Перейти на страницу:

Камю улавливал в обрушившихся на Францию потрясениях еще одно печальное напоминание о провале «идеализма блаженных» (I, 1824) – преемников незадачливого вольтеровского горемыки Панглоса с его прекраснодушным «все к лучшему в этом наилучшем из миров». Бесполезно, даже вредно прятаться от горьких очевидностей; трезвый взгляд на вещи по крайней мере оберегает от болезненной сломленности, какой сопровождается крах взлелеянных и не оправдавшихся ожиданий. «Дела пойдут гораздо лучше, когда будет раз и навсегда покончено с надеждой» (I, 1466). Проститься с ней не значит, однако, впасть в отчаяние. Проявляя, как говорится, «добрую непоследовательность», Камю предостерегал и от слишком распространившегося в те дни «смешения трагедии и отчаяния» (II, 836). Последнее чревато капитулянтством, тогда как трагический настрой ума вовсе не исключает «хорошенького пинка под зад беде», ссылался он на крепкие слова Лоренса (II, 1466). В статье, напечатанной в газете «Французский Тунис» в январе 1941 года (позже этот текст был переработан в эссе «Миндальные деревья» для книги «Лето»), Камю писал: «С ясным умом выносить удары судьбы не значит с ней смиряться. Дух может быть убит лишь одним: отчаянием, которое ведет к худшей покорности… Я полагаю, что духу есть чем заняться и помимо самоотрицания и самоуничижения. Запасшись как следует презрением и пренебрежением, те из нас, кто заслуживает того, чтобы преодолеть несчастья, их преодолеют. Не станем слушать кричащих о светопреставлении» (II, 1824).

Прямо перекликаясь с этими прикрепленными к хроникальной злобе дня публицистическими призывами Камю, «Миф о Сизифе», конечно, не есть прибегающие к потаенному эзопову иносказанию очерк духовной ситуации 1940/41 года, как она являлась рядовому французу. Сам Камю представлял свое эссе как попытку «описать в чистом виде болезнь умов» (II, 98) всего XX столетия – растерянность обыденного сознания перед ходом отчужденной цивилизации, которую уже не оправдать ни Промыслом Божьим, ни опошленным либеральными сочинителями всеблагим Разумом, предрекавшим счастливый конец сказке по имени история.

Однако в тогдашнем тупике, результате поражения, Камю искал и нашел феноменологическое обнаружение своей онтологии: происходившее вокруг как будто служило особенно веским подтверждением его давних мыслей о трагизме земного удела вообще и заброшенности личности посреди враждебного ей хаоса. Случай помог им обрести отчетливость, он же подверг их проверке крайне острым кризисом, когда все благополучные прогнозы на будущее выглядели обманом, и позволил выявить ту долю нравственной правоты, которую в полосу катастроф несет в себе «безрассудное», «врожденное», не внимающее калькуляциям непокорство.

Без учета этого запаса духовной прочности остается загадкой, как и почему Камю, еще вчера в «Постороннем» ниспровергавший всякую гражданственность, вскоре станет ведущим журналистом подпольной газеты «Комба». В несоглашающемся долготерпении Сизифа были зерна будущего сопротивленчества. Однако уже размежевавшись с пораженцами, Сизиф еще не встал в ряды сопротивленцев. Пережить, перенести тяготы лихолетья можно было и так; бороться, не избавившись хотя бы частично от замкнутости исключительно на самом себе, – нельзя.

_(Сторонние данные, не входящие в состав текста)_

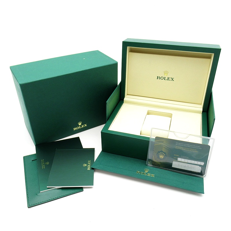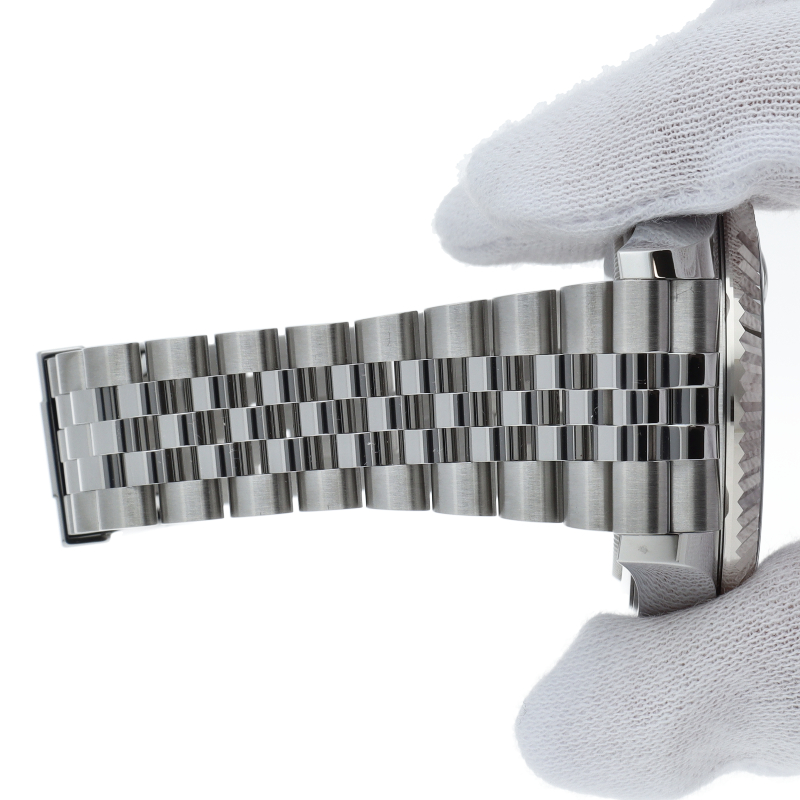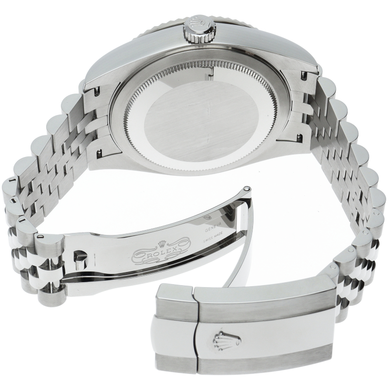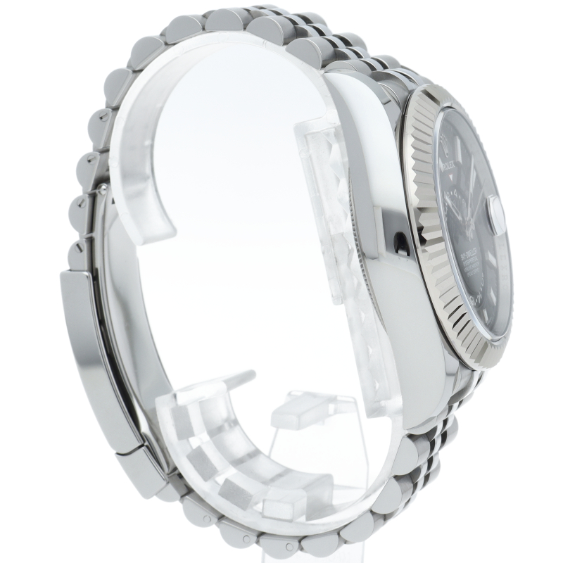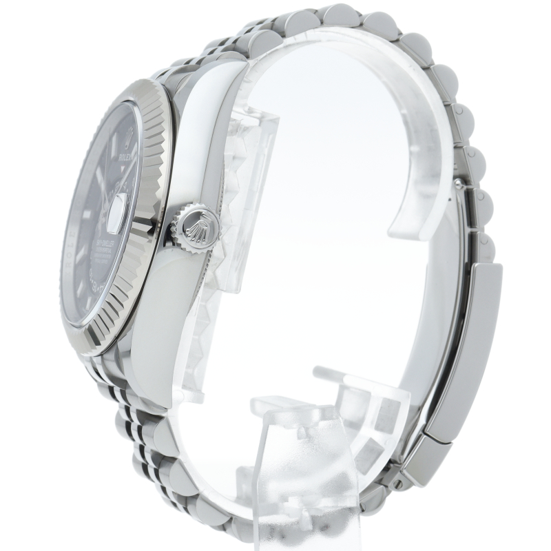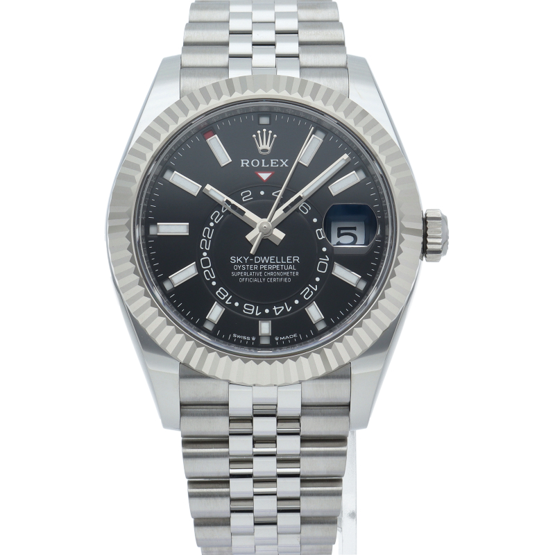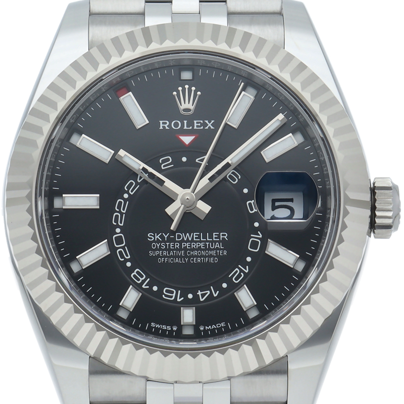 ジュビリーブレスを備えた2023年発表の「スカイドゥエラー」。ムーブメントは完全自社製の“Cal.9002”を搭載。文字盤中央で目を引くGMTディスク。こちらはGMTマスターとは異なりディスクが回転することで赤い逆三角形のマーカーから第二時間帯(ホームタイム)を読み取ります。
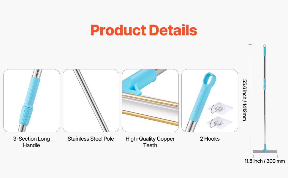 • No More Bending: Featuring a 3-section adjustable handle, this pet hair broom accommodates users of varying heights. Its extendable design ensures comfortable cleaning for both adults and children, eliminating the need to bend or kneel.
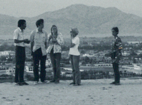 Shamshere, Sandy, and ? trying to beat the heat, standing under stream of water from roof storage tank. There was no air conditioning!
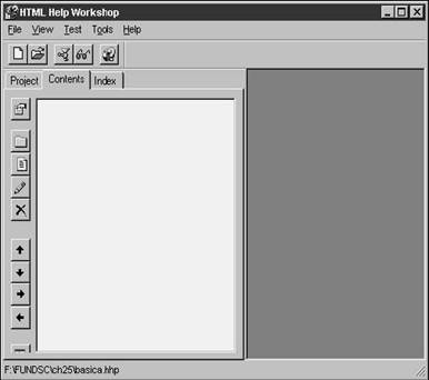 always accept the default "Table of Contents.HHC" name. You'll then see the empty Contents tab, as shown in Figure 25.12.
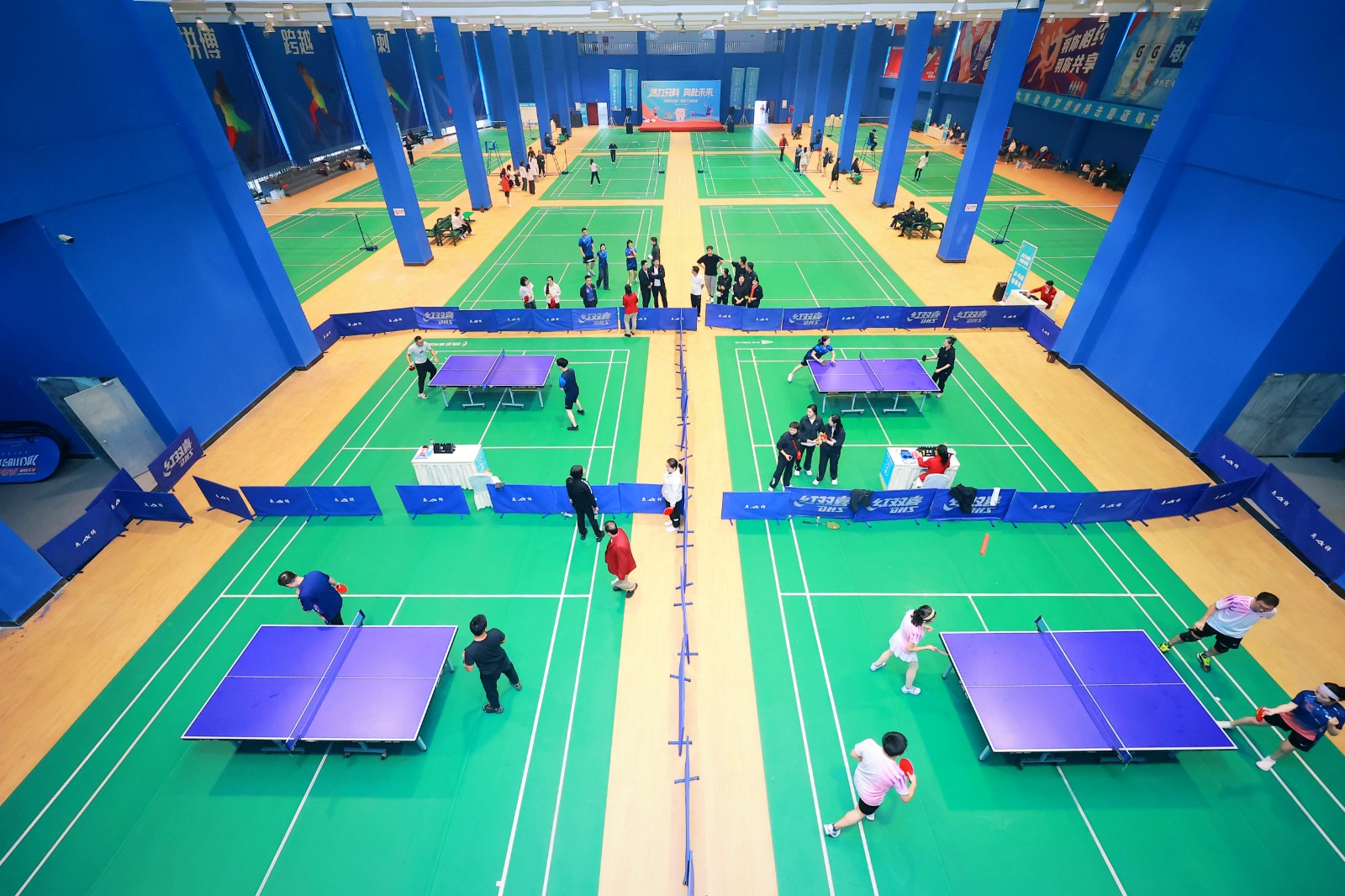 此次運動會設(shè)置了趣味運動、乒乓球和羽毛球三個項目,比賽過程中,參賽運動員們?nèi)σ愿?、以技會友,歡笑聲連綿不斷,喝彩聲此起彼伏,達到了加強體育鍛煉和增進集體友誼的良好效果。

Попробуем продолжить раздумье о трудах Сизифа и на минуту допустим, что он, вопреки всем предначертаниям богов, однажды все-таки спустился на равнину, где обитают его соплеменники. Мысль его из заоблачных горних высей безлюдья перенеслась на грешную землю с ее грешными жителями. До сих пор все было тяжело, но по крайней мере ясно: камень, склон горы и нечеловеческая работа, от которой Сизиф не волен избавиться. Теперь перед Сизифом много разных путей, среди них надо самому сделать выбор – следовательно, обдумать, почему, собственно, поступать так, а не иначе. После разреженной атмосферы морали умозрительной приходится окунуться в плотную атмосферу морали вполне практической, определиться не по отношению к надмирному року, а по отношению к другим людям. И тут-то оказывается, что Камю снабдил своего Сизифа легкими, не слишком приспособленными к воздуху равнины.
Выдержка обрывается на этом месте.